Perform clustering within a level set
perform_clustering( points_in_this_level, filter_values, num_bins_when_clustering, methods, max_kmeans_clusters = 10, eps = 0.5, minPts = 5, num_clusters = 5 )
perform_clustering( points_in_this_level, filter_values, num_bins_when_clustering, methods, max_kmeans_clusters = 10, eps = 0.5, minPts = 5, num_clusters = 5 )
points_in_this_level |
Points in the current level set. |
filter_values |
The filter values. |
num_bins_when_clustering |
Number of bins when clustering. |
methods |
Specify the clustering method to be used, e.g., "hclust" or "kmeans". |
max_kmeans_clusters |
Maximum number of clusters when using k-means clustering. |
eps |
The maximum distance between two samples for one to be considered as in the neighborhood of the other. |
minPts |
The number of samples in a neighborhood for a point to be considered as a core point. |
num_clusters |
Number of clusters when using PAM clustering. |
A list containing the number of vertices, external indices, and internal indices.

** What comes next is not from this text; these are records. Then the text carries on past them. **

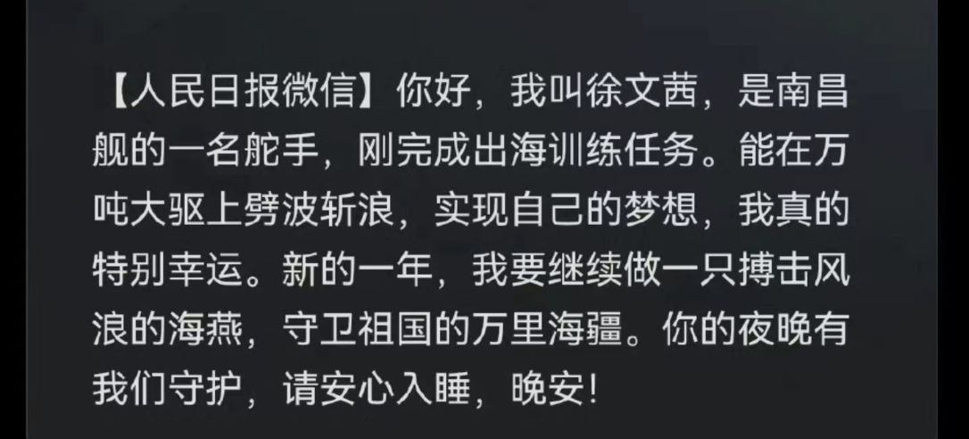 南昌舰90后女操舵手、英姿飒爽的女兵徐文茜的一条晚安问候也温暖了许多人。网友们在社交平台上,纷纷向这位素不相识的女战士问候一声晚安。“徐文茜,感谢有你,晚安!”“徐文茜,愿海风伴你入眠!”“徐文茜,感谢你深夜里带给我温暖!”……全网向徐文茜问候晚安,一时间成为一道美丽的网络风景。
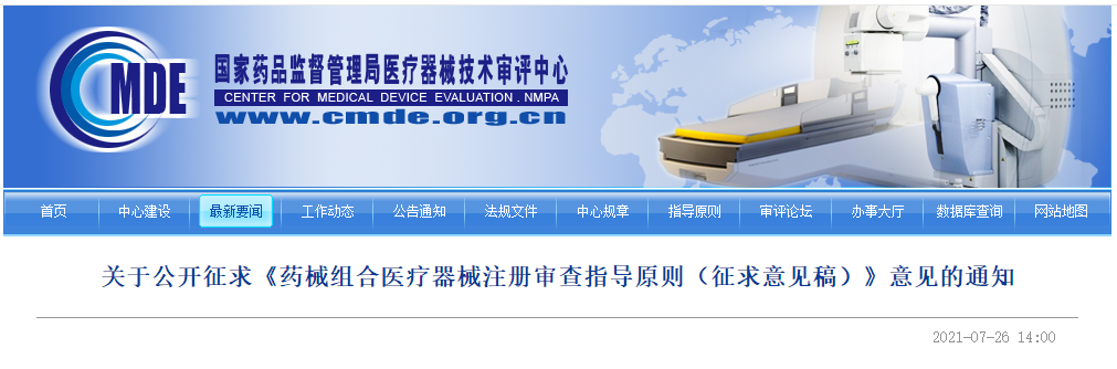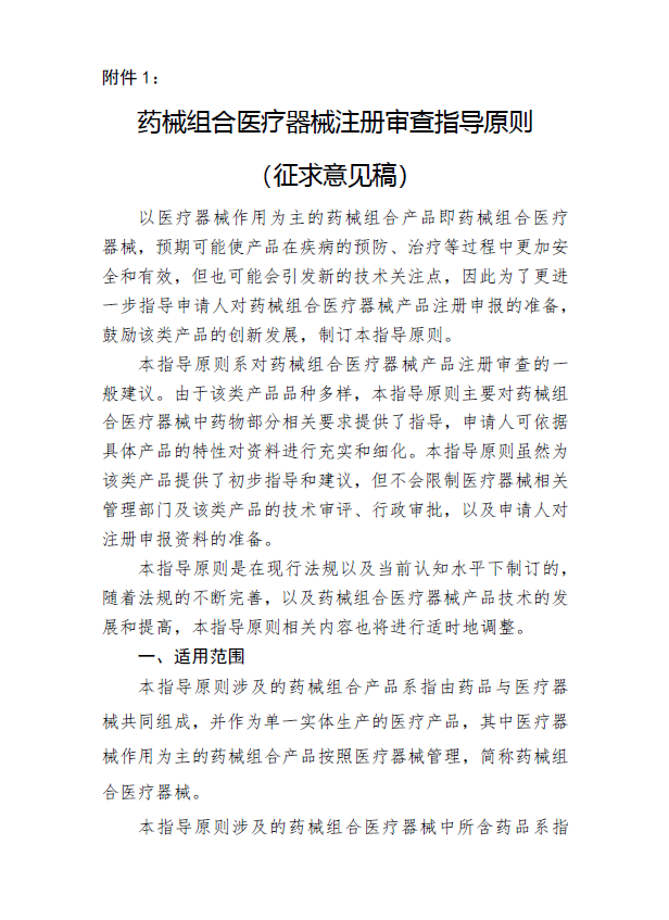 附件: 1. 药械组合医疗器械注册审查指导原则(征求意见稿)(征求意见稿)(下载) 2. 药械组合医疗器械注册审查指导原则(征求意见稿)反馈意见表(下载)
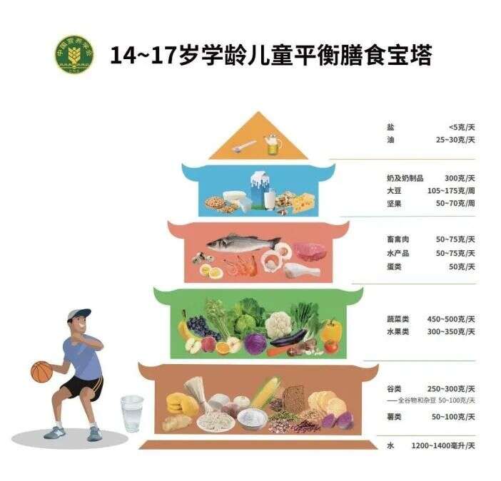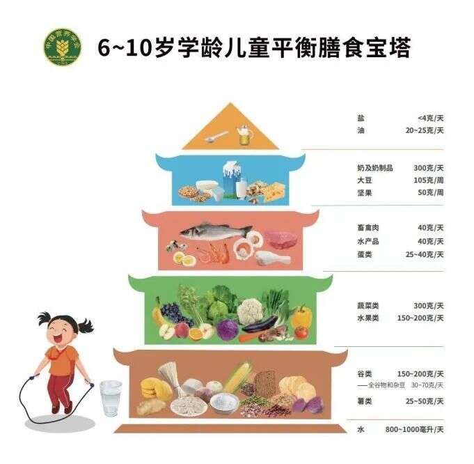研究中儿童主要食物摄入量的参考依据是《中国学龄儿童膳食指南(2022)》中6~10、11~13和14~17岁学龄儿童平衡膳食宝塔推荐量。
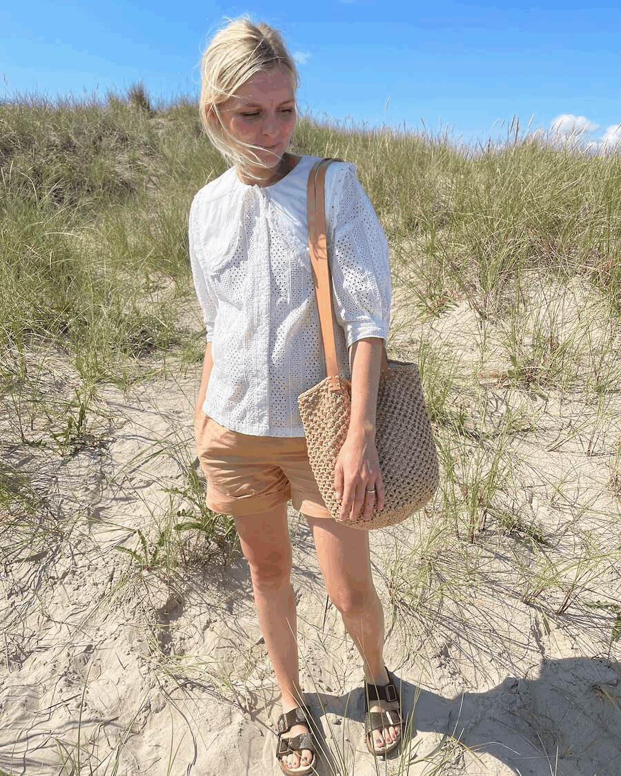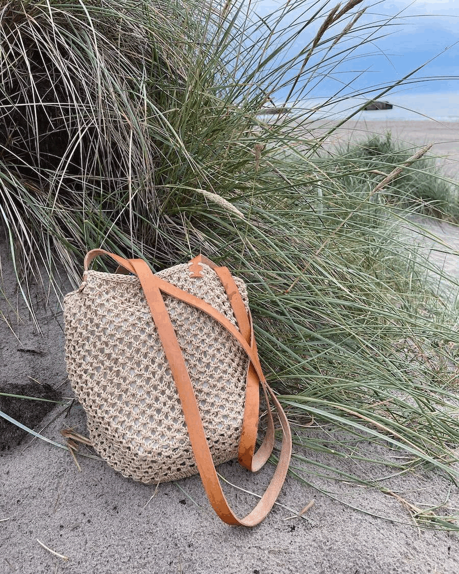 Den brune French Market Bag er strikket i Japansk Bomuld fra Isager i farge 59.

Construct adjacency matrix of the simplicial complex
simplcial_complex( filter_values, vertex_index, num_levelsets, num_intervals, vertices_in_level_set, points_in_vertex )

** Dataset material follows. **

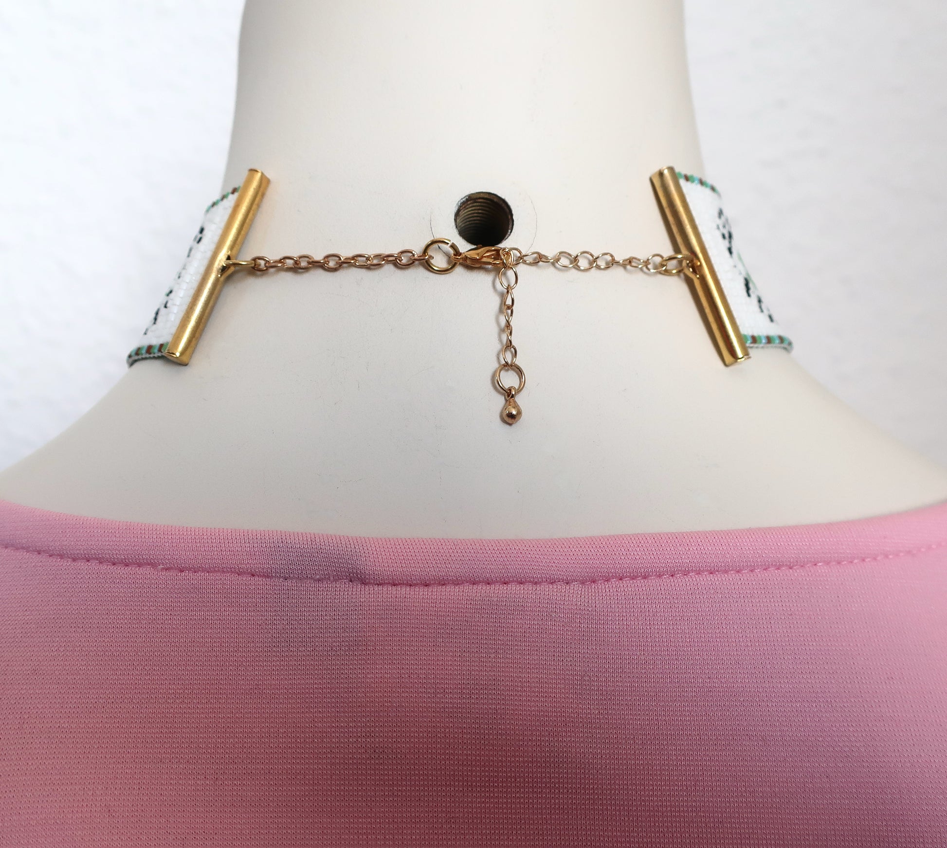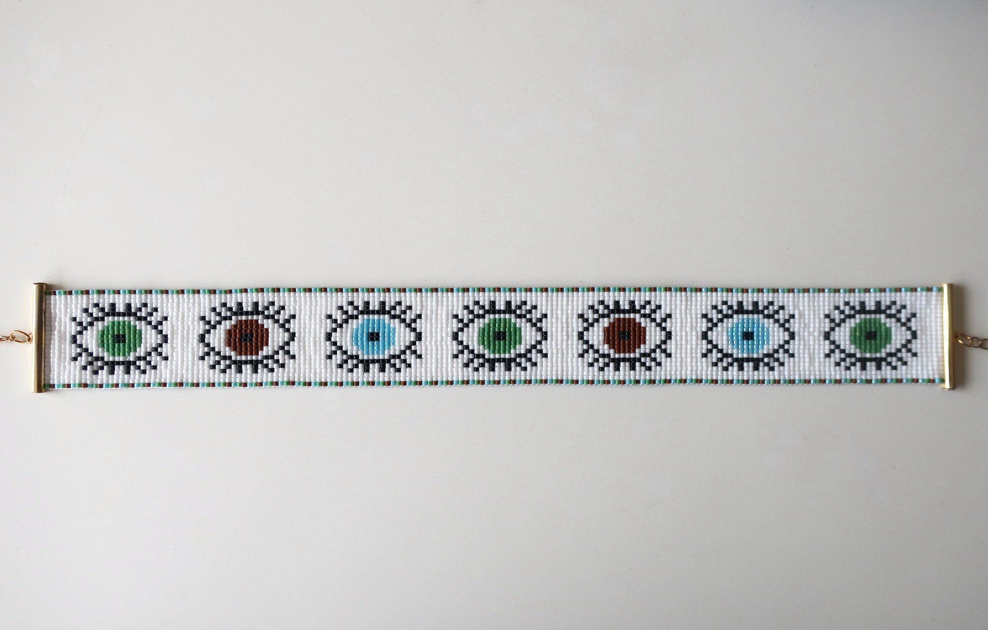 Dies ist ein handgewebter Choker aus hochwertigen japanischen Miyuki-Perlen. Er hat goldfarbene Röhrenenden, ein Kettchen mit Karabinerhaken als Verschluss und eine 5,5 cm lange Verlängerungskette. Es ist 3,1 cm breit.

simplcial_complex( filter_values, vertex_index, num_levelsets, num_intervals, vertices_in_level_set, points_in_vertex )
filter_values |
A matrix of filter values. |
vertex_index |
The number of vertices. |
num_levelsets |
The total number of level sets. |
num_intervals |
A vector representing the number of intervals for each filter. |
vertices_in_level_set |
A list where each element contains the vertices corresponding to each level set. |
points_in_vertex |
A list where each element contains the points corresponding to each vertex. |
An adjacency matrix representing the simplicial complex.
Convert level set multi-index (lsmi) to flat index (lsfi)
to_lsfi(lsmi, num_intervals)
to_lsfi(lsmi, num_intervals)
lsmi |
Level set multi-index. |
num_intervals |
Number of intervals. |
A flat index corresponding to the multi-index.
Convert level set flat index (lsfi) to multi-index (lsmi)
to_lsmi(lsfi, num_intervals)
to_lsmi(lsfi, num_intervals)
lsfi |
Level set flat index. |
num_intervals |
Number of intervals. |
A multi-index corresponding to the flat index.